5. Rod Gilmore: I never particularly liked Gilmore in the studio, where he spent an inordinate amount of time on a soap box for the Pac-10, but he's proven a keen analyst in the booth. Often stuck doing lower-profile teams, he takes the time to get to know many of the players' stories and personalities.


Corso: At least on GameDay, the attraction is his showmanship. In the booth, there's no hiding from the bumbled names, gift-wrapped stats and often mind-numbing analysis. The all-time low came in last season's Southern Miss-TCU game, in which Corso, despite repeated attempts by Herbstreit to rescue him, stubbornly insisted the Eagles pass up a late field-goal attempt that would have extended their lead from three to six on the oh-so realistic premise the Frogs might block it and return it for a touchdown.

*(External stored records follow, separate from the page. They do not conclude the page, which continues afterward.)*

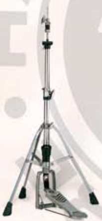
HS 740 Hi-hatstativ m/enkeltben Pris: kr. 795,-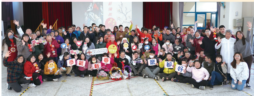
感恩新春彌撒後，歡樂大合照。

教宗方濟各一宣告 2025 年禧年，願我們的生活充滿希望的力量。在這新的一年開始，李主教勉勵我們，可以靜心想一想，要如何陪伴身心障礙朋友？如何提升服務品質？我們也可以效法耶穌的榜樣，讓自己成為他人的陪伴者，每天一步一腳印，大家攜手同行，傳遞愛和希望。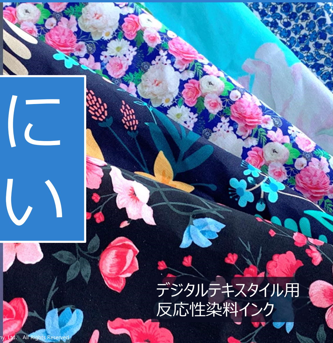
デジタルテキスタイル用 反応性染料インク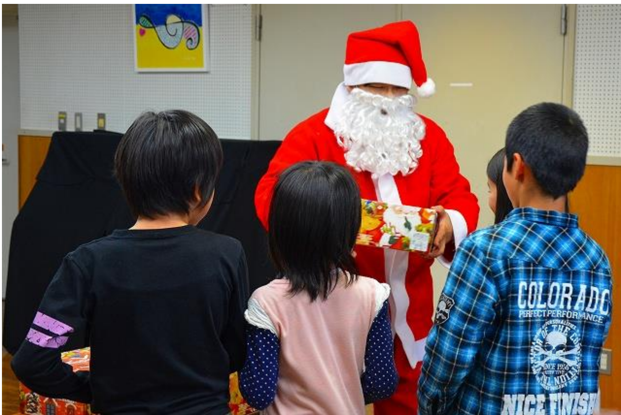
過去の贈呈式の模様（上） と 贈呈したケーキ（下）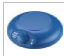
Topolino mobil 攜帶型 充電 2-3 小時可使用 8-12 小時、亦可外接電源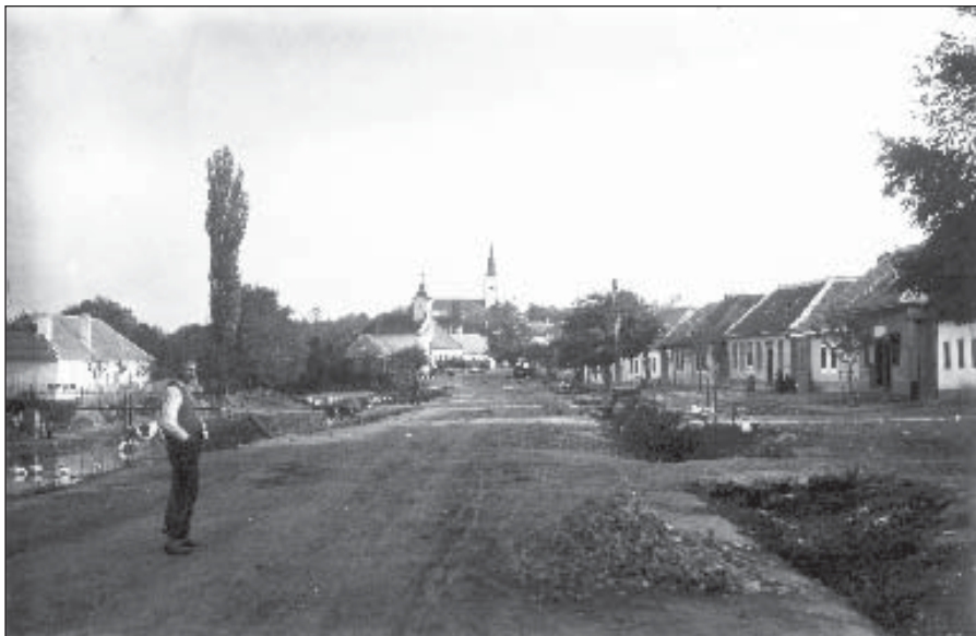
● Ulica C. Majerníka v prvej polovici 20. storočia.

a napriek svojmu zraneniu z vojny, nútený pracovať v baniach v Ostrave. Tam pracoval od roku 1958 až do roku 1963, kedy ako šesťdesiatročný odišiel do dôchodku. Ako dôchodca naďalej býval vo svojom dome s rodinou a v roku 1972 vo veku 79 rokov zomrel.

You could almost see Herbstreit crawling under his chair in horror.


Again, I'm sticking with the recent era, and while I don't doubt there have been many equally memorable moments, these are the ones that have stuck with me:

1. "Ricky cuts left ... hello record book!" -- Musburger calling Ricky Williams' NCAA record-breaking run, 1998.

2. "Diving, spinning ... touchdown Nebraska!" -- Musburger calling Matt Davison's title-saving touchdown catch off a kicked ball against Missouri, 1997.

3. "Look out, he's got a convoy!" -- Jackson calling Desmond Howard's Heisman-clinching punt return for Michigan against Ohio State, 1991.

4. "Caught!" -- Jackson calling Michael Westbrook's game-winning Hail Mary catch for Colorado against Michigan, 1994.

5. "Bad call. B-a-a-a-d call." -- Fouts after the infamous Miami pass-interference call in overtime of the 2003 Fiesta Bowl.